Work instruction: Exact copies of the lines from the start of the records through the line with "Je pense qu'il" are what the answer must hold; pictures are not part of it.

START Listed entries

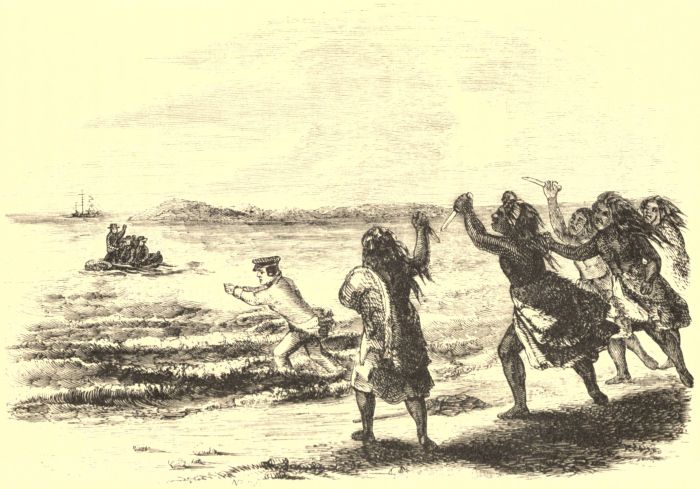The next morning, it being calm, some of our men went on shore in the small boat, for a gunning excursion. They[Pg 28] returned early in the forenoon, with a large number of sea-fowl. Not long after, Captain Brownell announced his intention to go ashore, and commenced making preparations. He soon changed his mind, however, and asked me to go, in his stead, to procure some fresh provisions, if they were to be had. Knowing, from the reports of whalers and others, something of the savage character of the natives, I felt reluctant to venture; but afterwards, to oblige the captain, I complied.
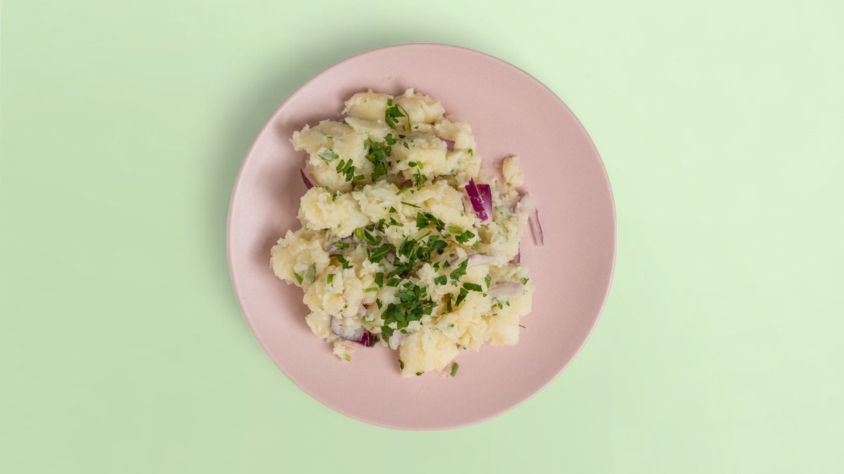 Натурален шницел от свинско контрафиле с картофена салата и домашна едро смляна лютеница
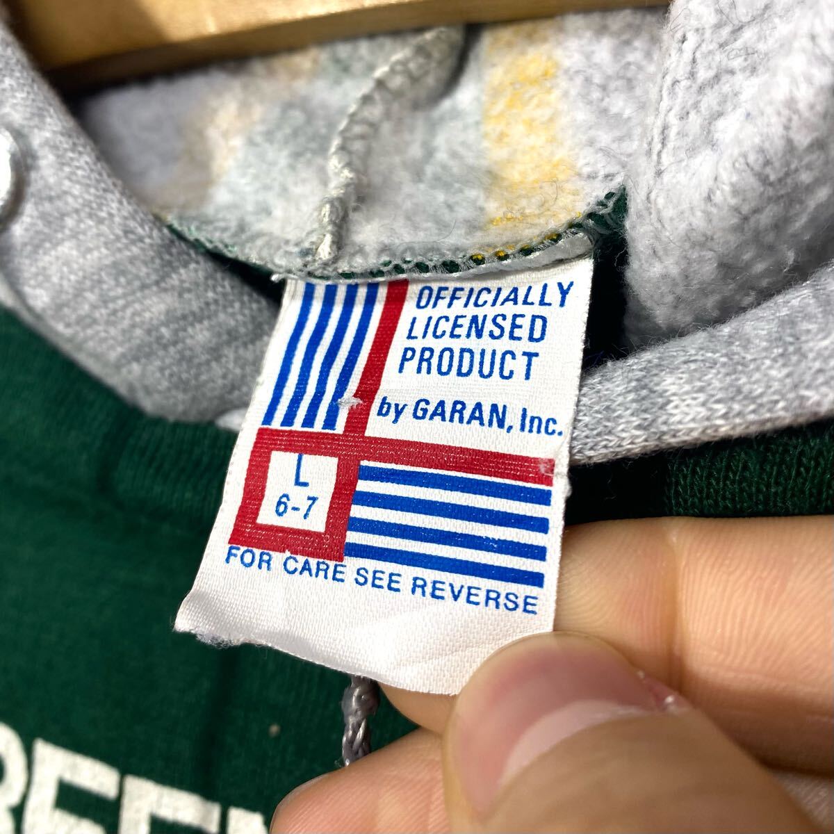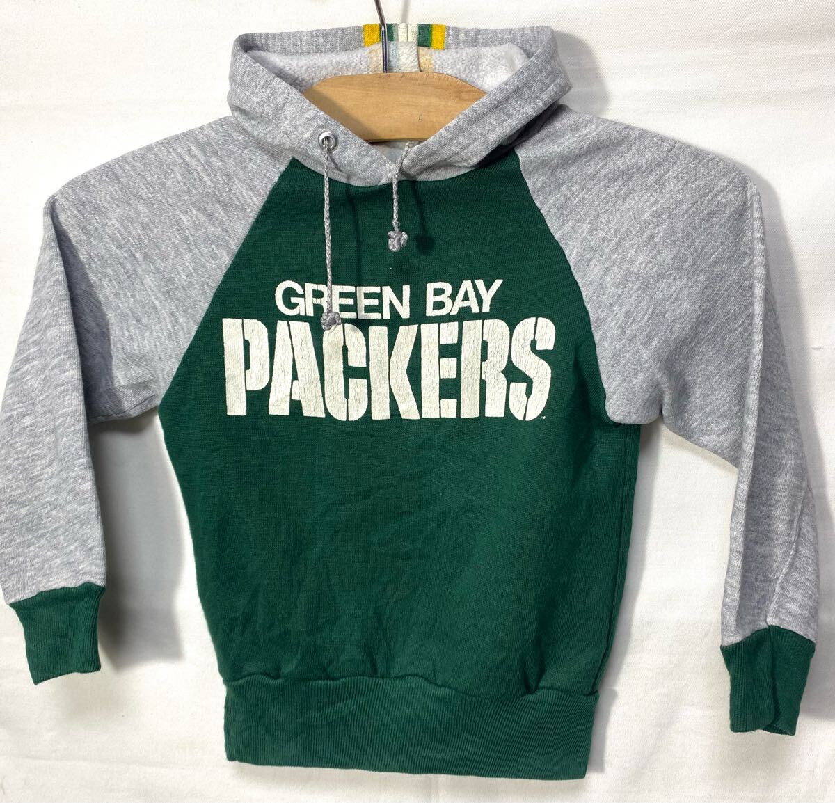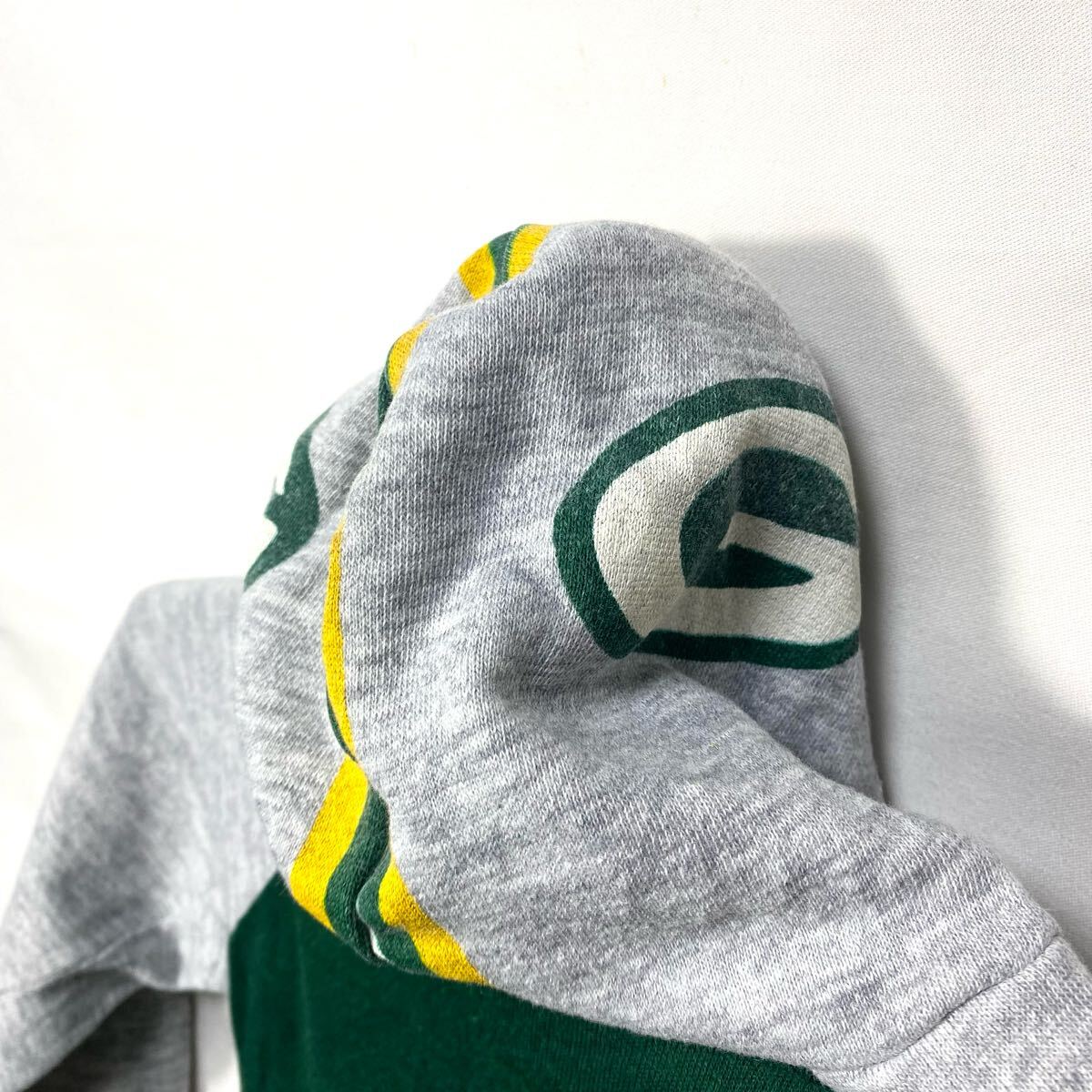 ■ 子供用 80s 90s ビンテージ NFL PACKERS パッカーズ ロゴイラスト スウェット フーディー 切り替え サイズL グレー グリーン アメフト■
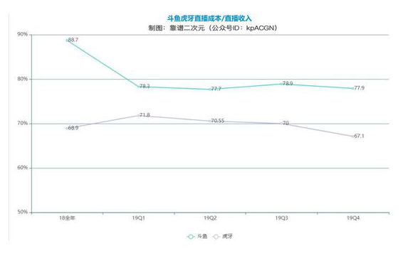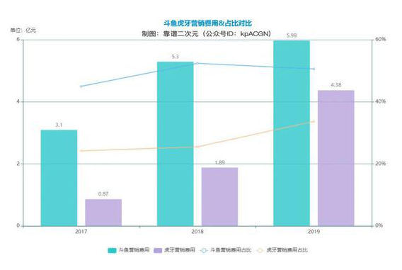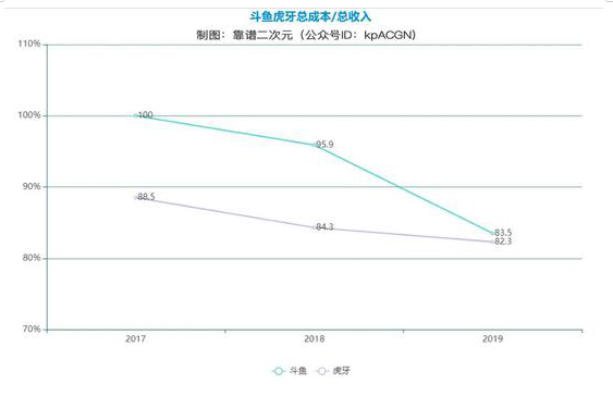 靠譜編輯部根據(jù)財(cái)報(bào)計(jì)算,2019年斗魚的總成本占比總收入,由前兩年的100%,95.9%逐年降低到83.5%,與虎牙82.3%的成本占比差距逐漸縮?。恢辈コ杀菊急纫矎?8年88.7%降低到78.3%,甚至連營(yíng)銷費(fèi)用都只比去年多了7000萬(wàn),占比從52.4%降為50.6%。
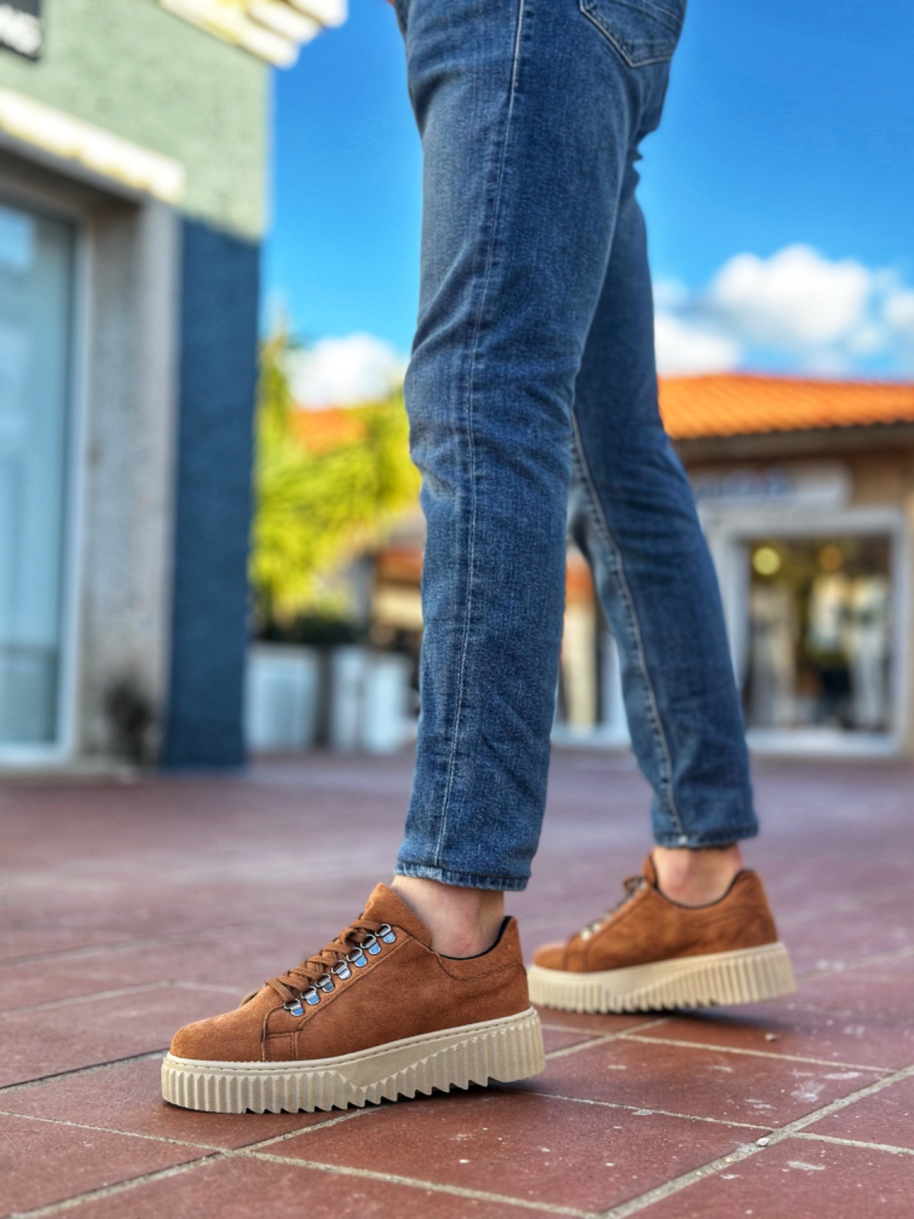 • MirgeShoes Taba Çengel Bağcıklı Erkek Günlük Ayakkabı Yüksek Kalın KRM Taban MRG010602823
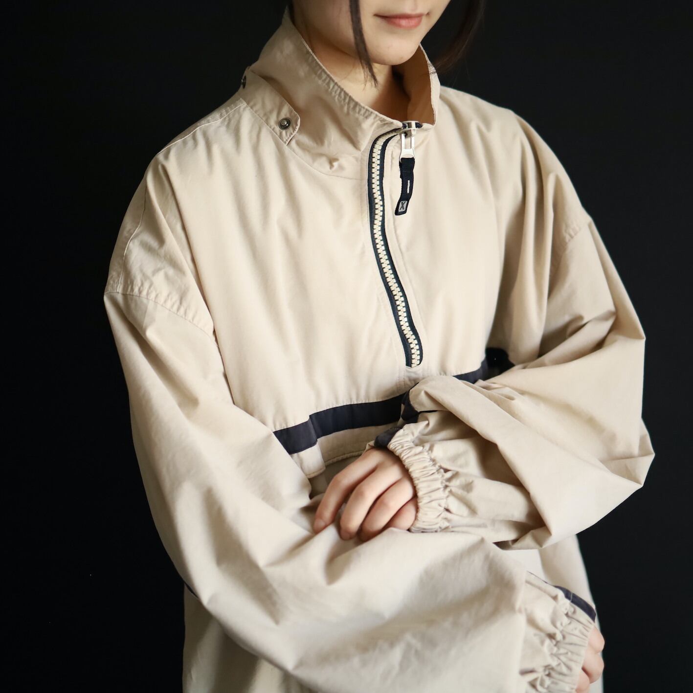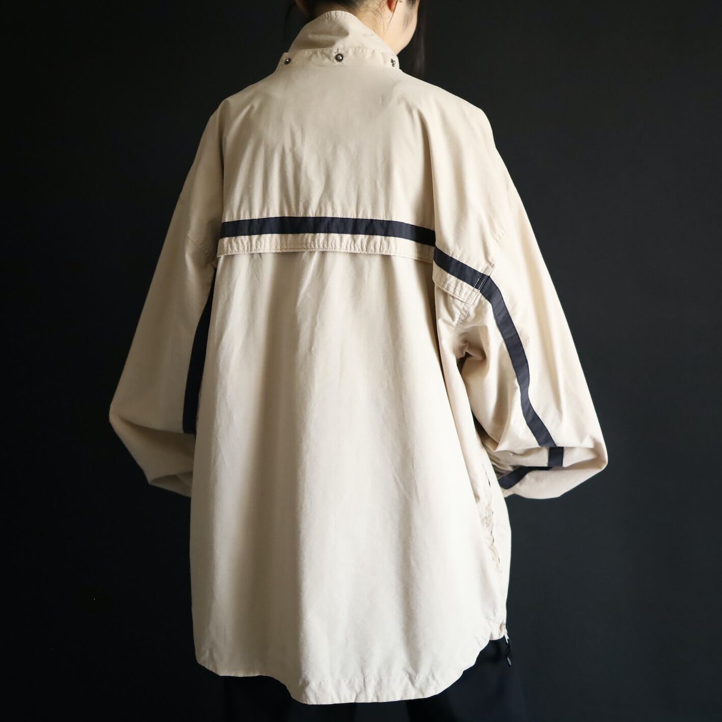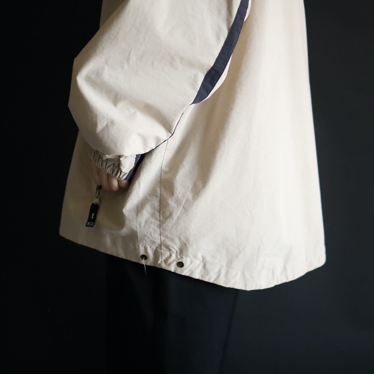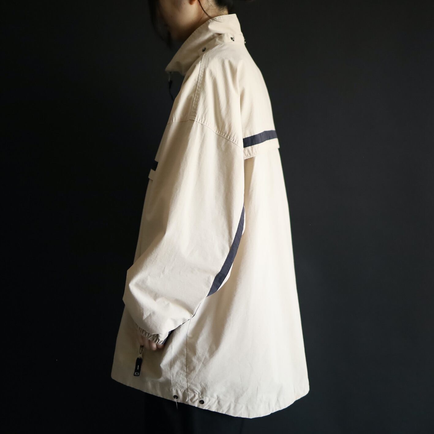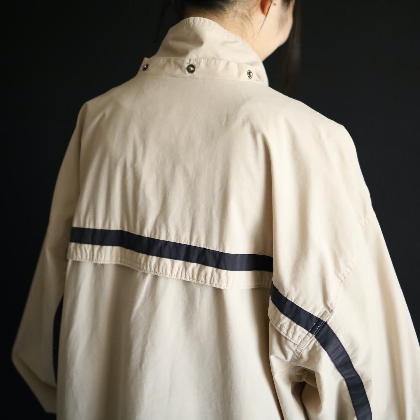 温かみのあるアイボリーカラーをベースに,袖と胸元を横切るチャコールグレーのライン.
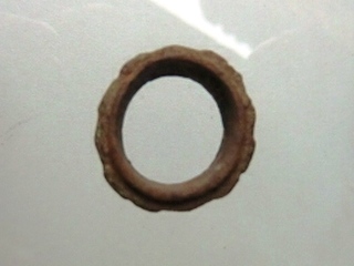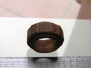 Je pense qu'il est en bronze malgré sa patine trompeuse, il mesure 22mm. de diamètre extérieur et 16mm. intérieur env. par 10mm. de large
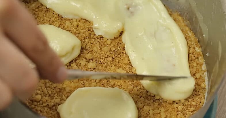 Тепер я збираю торт за допомогою кондитерського кільця діаметром 19 см. Для зручності я роблю бортики з файлу, вирізаю смужки, змащую їх олією й приклеюю до внутрішньої частини форми — так торт легше знімається і бічні сторони залишаються рівними й красивими. На дно я висипаю кілька ложок обсмаженої крихти й рівномірно розподіляю тонким шаром. Зверху викладаю 2 ложки крему й дуже акуратно розрівнюю, щоб крихта не тягнулася за ложкою й не змішувалася з кремом. Таким чином формую шари: крихта — крем — крихта — крем, усього у мене вийшло 6 шарів. На верхній шар я викладаю приблизно 3–4 столові ложки крему й ретельно вирівнюю поверхню. Готовий торт накриваю харчовою плівкою і ставлю в холодильник на 2-3 години, а найкраще — на ніч.
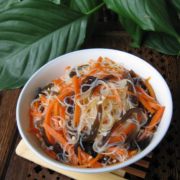 粉丝、胡萝卜、黑木耳、大蒜、盐、生抽、香醋、鸡精、香油。
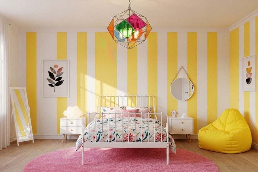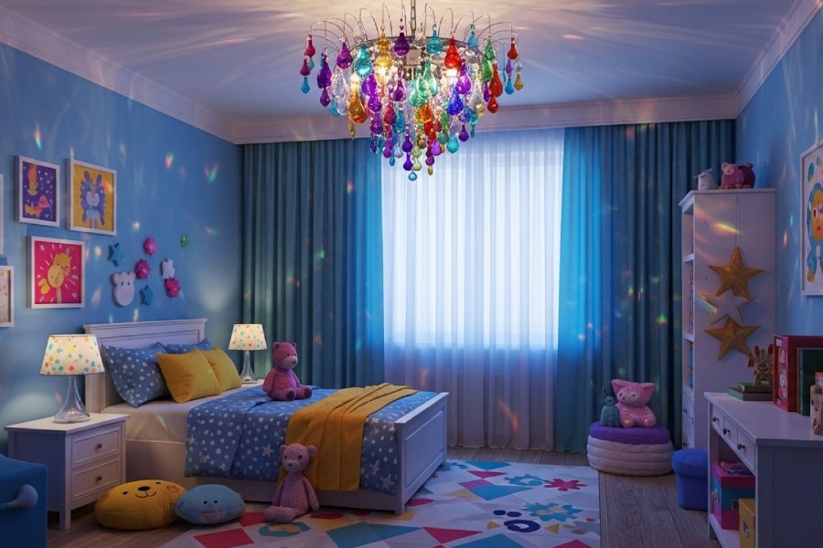 3. لوستر آویز رنگی: اگر میخواهید اتاق دخترانه شاد و جوانپسند باشد، لوسترهای آویز رنگی با کریستالهای کوچک یا شیشههای رنگی گزینه مناسبی هستند. این مدلها هم نور کافی فراهم میکنند و هم به زیبایی اتاق کمک میکنند.
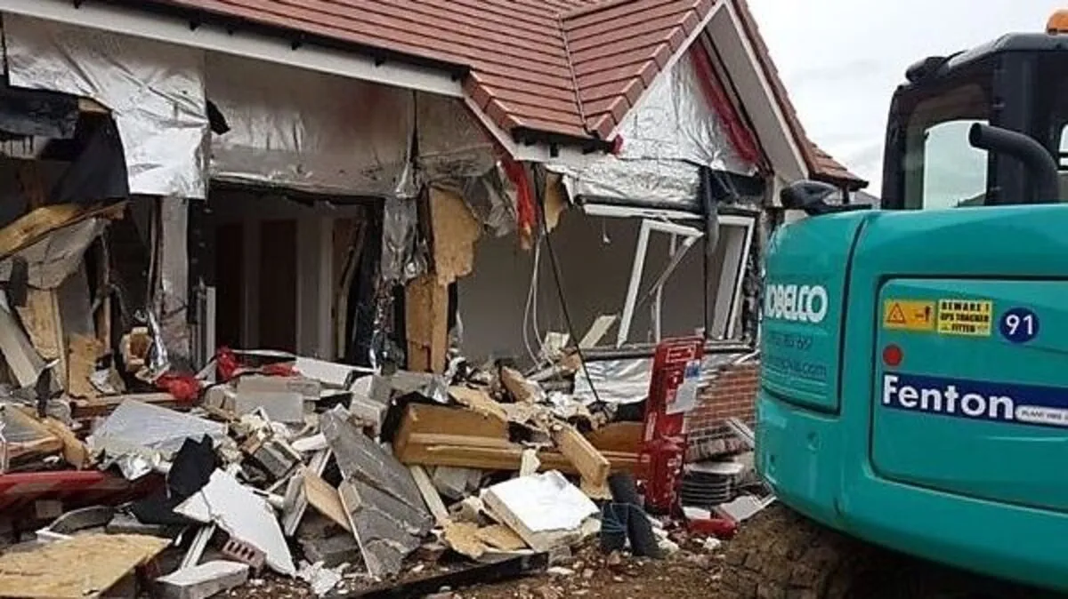 Bauarbeiter zerstört mit Bagger fünf nagelneue Häuser

END Listed entries

Task output:
The next morning, it being calm, some of our men went on shore in the small boat, for a gunning excursion. They[Pg 28] returned early in the forenoon, with a large number of sea-fowl. Not long after, Captain Brownell announced his intention to go ashore, and commenced making preparations. He soon changed his mind, however, and asked me to go, in his stead, to procure some fresh provisions, if they were to be had. Knowing, from the reports of whalers and others, something of the savage character of the natives, I felt reluctant to venture; but afterwards, to oblige the captain, I complied.
 Натурален шницел от свинско контрафиле с картофена салата и домашна едро смляна лютеница
 ■ 子供用 80s 90s ビンテージ NFL PACKERS パッカーズ ロゴイラスト スウェット フーディー 切り替え サイズL グレー グリーン アメフト■
 靠譜編輯部根據(jù)財(cái)報(bào)計(jì)算,2019年斗魚的總成本占比總收入,由前兩年的100%,95.9%逐年降低到83.5%,與虎牙82.3%的成本占比差距逐漸縮?。恢辈コ杀菊急纫矎?8年88.7%降低到78.3%,甚至連營(yíng)銷費(fèi)用都只比去年多了7000萬(wàn),占比從52.4%降為50.6%。
 • MirgeShoes Taba Çengel Bağcıklı Erkek Günlük Ayakkabı Yüksek Kalın KRM Taban MRG010602823
 温かみのあるアイボリーカラーをベースに,袖と胸元を横切るチャコールグレーのライン.
 Je pense qu'il est en bronze malgré sa patine trompeuse, il mesure 22mm. de diamètre extérieur et 16mm. intérieur env. par 10mm. de large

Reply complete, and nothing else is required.